Hansard's appears to be a Commonwealth tradition. The Mother of Parliaments is minuted by Hansard's and so it seems are many of her bastard spawn, including, at the least, Canada and New Zealand.
maybe here:
http://www.hansard.act.gov.au/hansard/faq.htmand I'm certainly non-truculent! in fact, I'm tractorulent!
Dear etaoin: I have trouble reading a lot of text like that. But with your encouragement
I got as far as this:
he publication of Hansard assists people to interpret not only the 'letter' but also the 'spirit' of the law. For instance, by
referring to Hansard, the courts are able to clarify what legislators meant in the wording of a particular statute (legislation passed
in the Assembly). Hansard helps to make politicians accountable. They know their every word will be recorded and may be
referred to by their political opponents or by members of the public or the media. Hansard records for posterity the activities of
the legislature, and reflects attitudes to significant issues of the day and the changing values and mores of society.
I was more careful with my brackets this time.
yep! I think that hits the nail on the head!
I found it to be not too reader-friendly as well. maybe you can boost the font size in your browser? Mozilla and Explorer do that fairly easily, and Netscape allows you to do it in your preferences, I believe. pardon the pun, but it might be worth looking into...

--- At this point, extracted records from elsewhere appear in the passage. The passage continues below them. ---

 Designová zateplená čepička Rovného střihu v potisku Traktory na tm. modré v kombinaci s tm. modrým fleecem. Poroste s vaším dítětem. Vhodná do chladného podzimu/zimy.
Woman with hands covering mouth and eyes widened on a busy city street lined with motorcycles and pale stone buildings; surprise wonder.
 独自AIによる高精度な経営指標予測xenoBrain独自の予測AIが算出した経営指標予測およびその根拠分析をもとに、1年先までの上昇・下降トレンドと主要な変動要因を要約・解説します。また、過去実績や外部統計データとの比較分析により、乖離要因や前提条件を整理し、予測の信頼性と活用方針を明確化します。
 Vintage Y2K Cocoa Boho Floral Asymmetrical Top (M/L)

I use Mozilla and do it frequently on text-heavy sites.
Dear etaoin: Netscape 4.7 has view Increase font. I also have six inch magnifier in circular
fluoresent held by jointed arm hitched to desk. But I still have trouble with long paragraphs.
I still think that "Hansardize" is a bit stinky, unless it was for Canadian readers. I doubt
many US readers would know it, Or UK either.

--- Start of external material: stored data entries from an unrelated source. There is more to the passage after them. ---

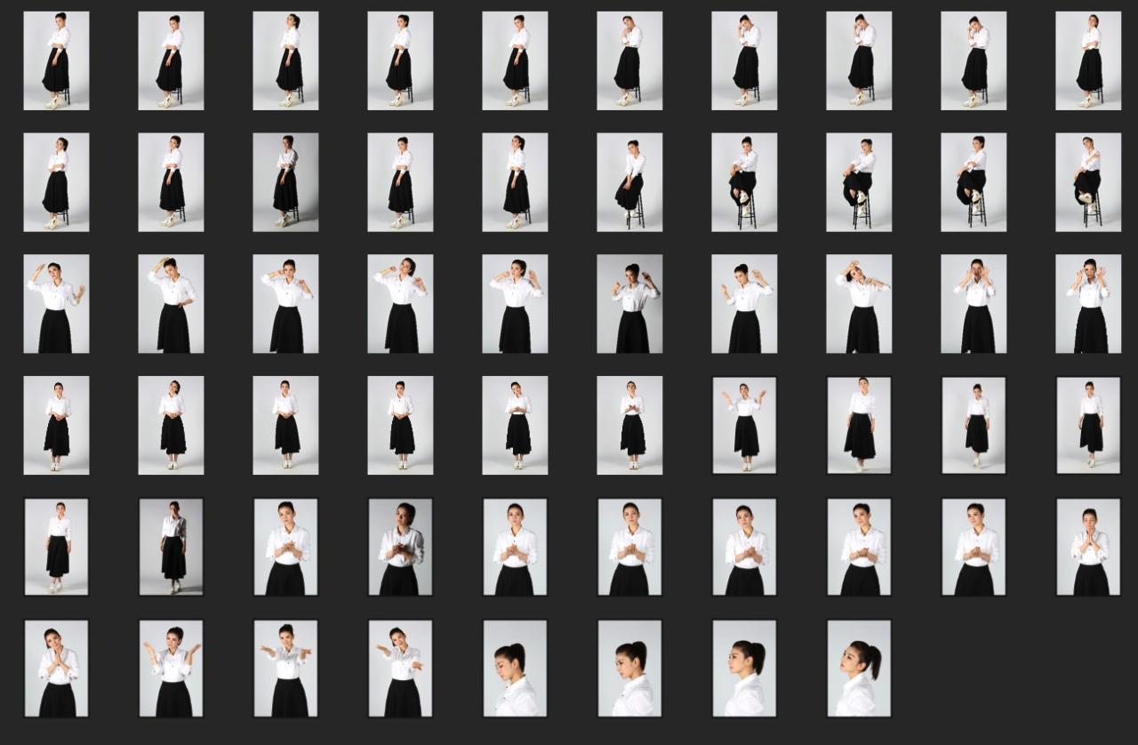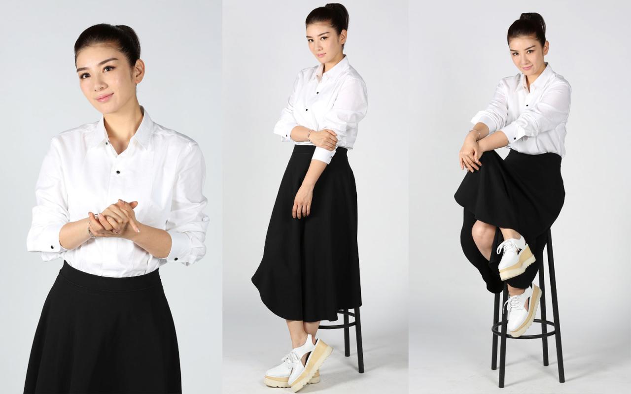 本组白色背景,服装是干净的白色上衣配黑色裙子,构图以全身和半身为主。
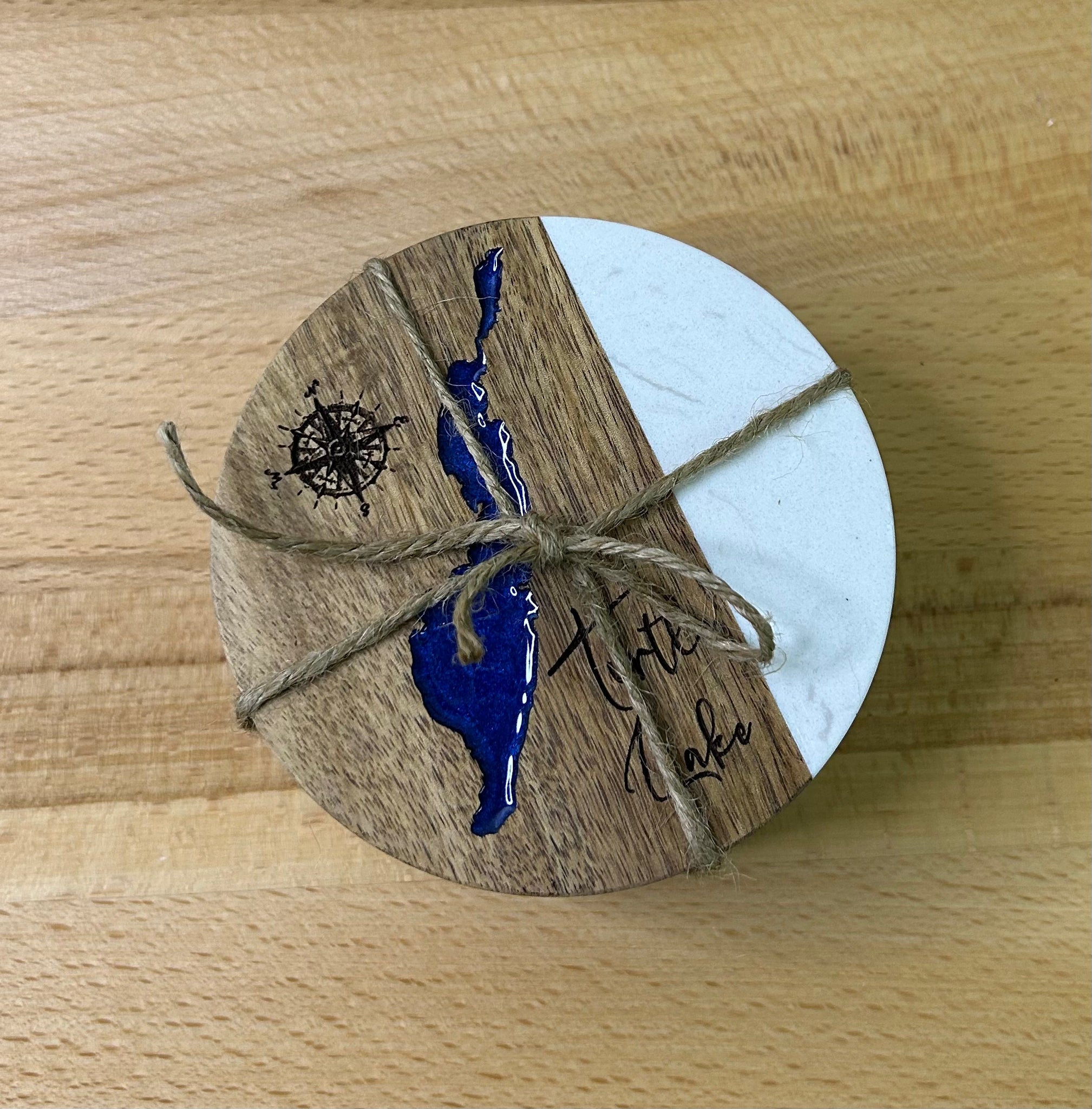 Add a rustic yet elegant touch to your space with this handcrafted Turtle Lake coasters. 4-inch round coaster features a beautiful combination of natural wood and stone, divided with a striking resin inlay that captures the unique shape of Turtle Lake in vivid, shimmering blue epoxy. The design is accented with an engraved compass rose and elegant lettering, making it both a functional piece and a conversation starter.
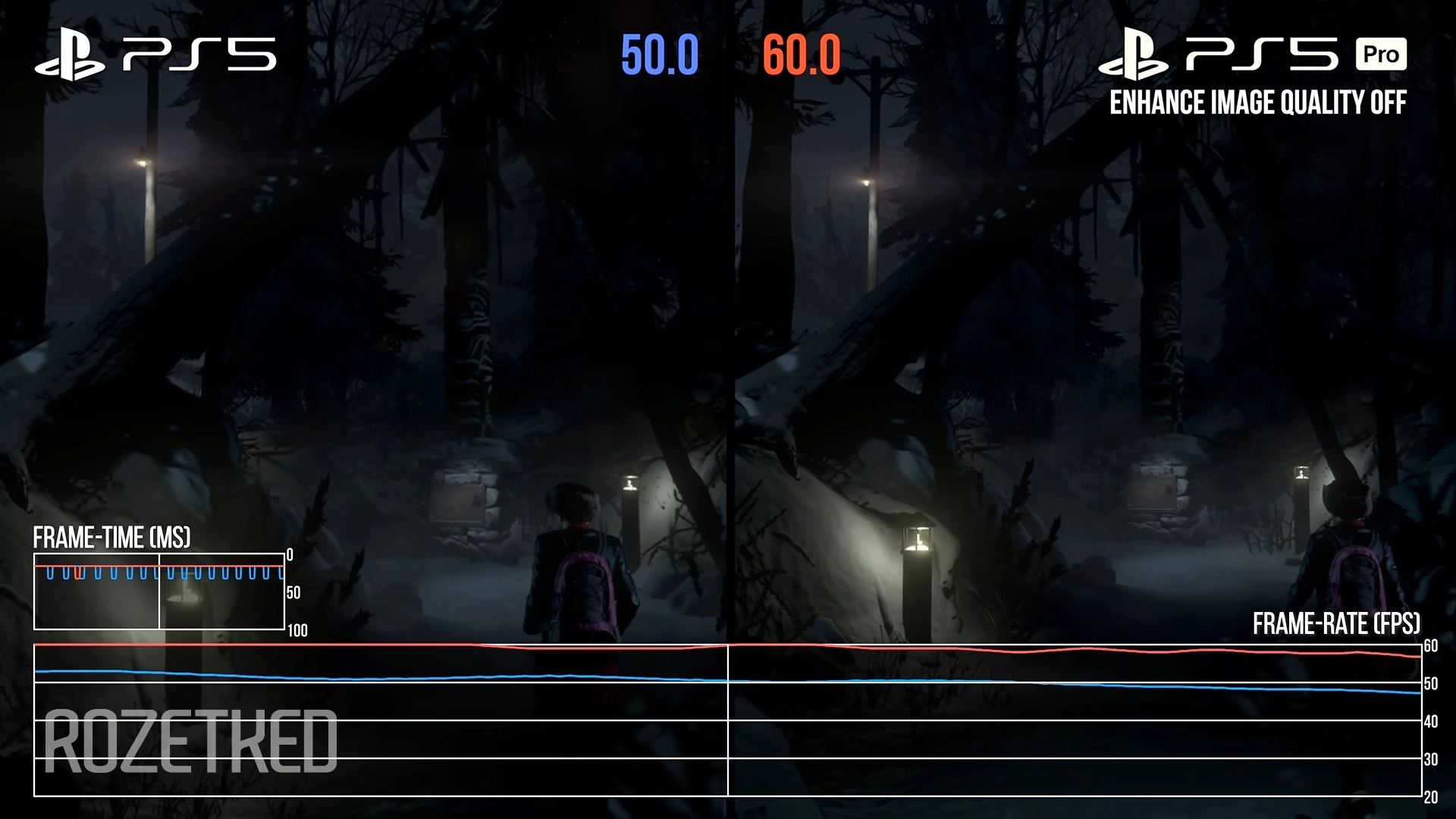Но Game Boost всё-таки работает в PS4-играх, где fps плавающий. Например, в оригинальной Until Dawn. На PS5 Pro она идёт лучше, получается прирост на 5-10 кадров. Интересно, что активация Enhance Image Quality снижает производительность в этой игре, а разницы по картинке вы не заметите.

Dear Bill: glad to know about Netscape. maybe someday computers will feel(and read) more like books, and then a lot of text won't be so onerous.
Well, I think journalists like to strut their stuff once in a while, and throw out words that very few people know. Unfortunately, most folks aren't going to run to the dictionary or the web to figure things out, they'll just skip over them. but we faithful are here, keeping the language alive!
Dear etaoin: I'm all for journalists using uncommon words, when they do an uncommon
job of putting a whole sentence into one word that can be found in the dictionary.
But when it takes a computer search to find the term, that's going too far, and
when it is a foreign term, that's superegregiousness.
ah, but we both rooted it out, didn't we?
Dear etaoin: I have discovered that some of the words at the bottom of the
Sphizzerinctum list give error message "Not found". Starting at the bottom,
I have made a list of them. Here are four of them for you to test your searching
skills on:
onsaw
chunnering
bugiard
caffeic (looks easy)
P.S. chunnering and caffeic were easy. I struck out on "onsaw" (name of character in a movie!)
and "bugiard". (something in Italian dialect"!
onsaw is eluding me, too, though I've run into a couple of references in airline traffic control...?
I don't think we
want to know what "bugiard" means...
I'll take some time later to continue the digging, but I really should be out building my shed right now...
Don't let your shed "bugiard" you.
my close personal friend Kevin Johnson once confessed to me that he gets most of his fodder for his spizz page browsing through the pages of the OED, and yes, many of the words he culls therefrom are obscure to the point of obsolescence. let's try that premise with 'onsaw' and 'bugiard'.
onsaw [Obs.] [late OE. onsagu, f. ON-1 1 + sagu, saying, SAW.]
A charge against a person, an accusation; reproach, opprobrious language.
bugiard [Obs.] [ad. It. bugiardo.]
A liar.
I'm afraid this will be a recurring theme with the spizz site.
Dear tsuwm: Are his "quotes" then pnony?
aw, that's just sad.
I hadn't gone to the OED yet because my hands were dirty...
oh well...
> still think that "Hansardize" is a bit stinky, unless it was for Canadian readers. I doubt
many US readers would know it, Or UK either.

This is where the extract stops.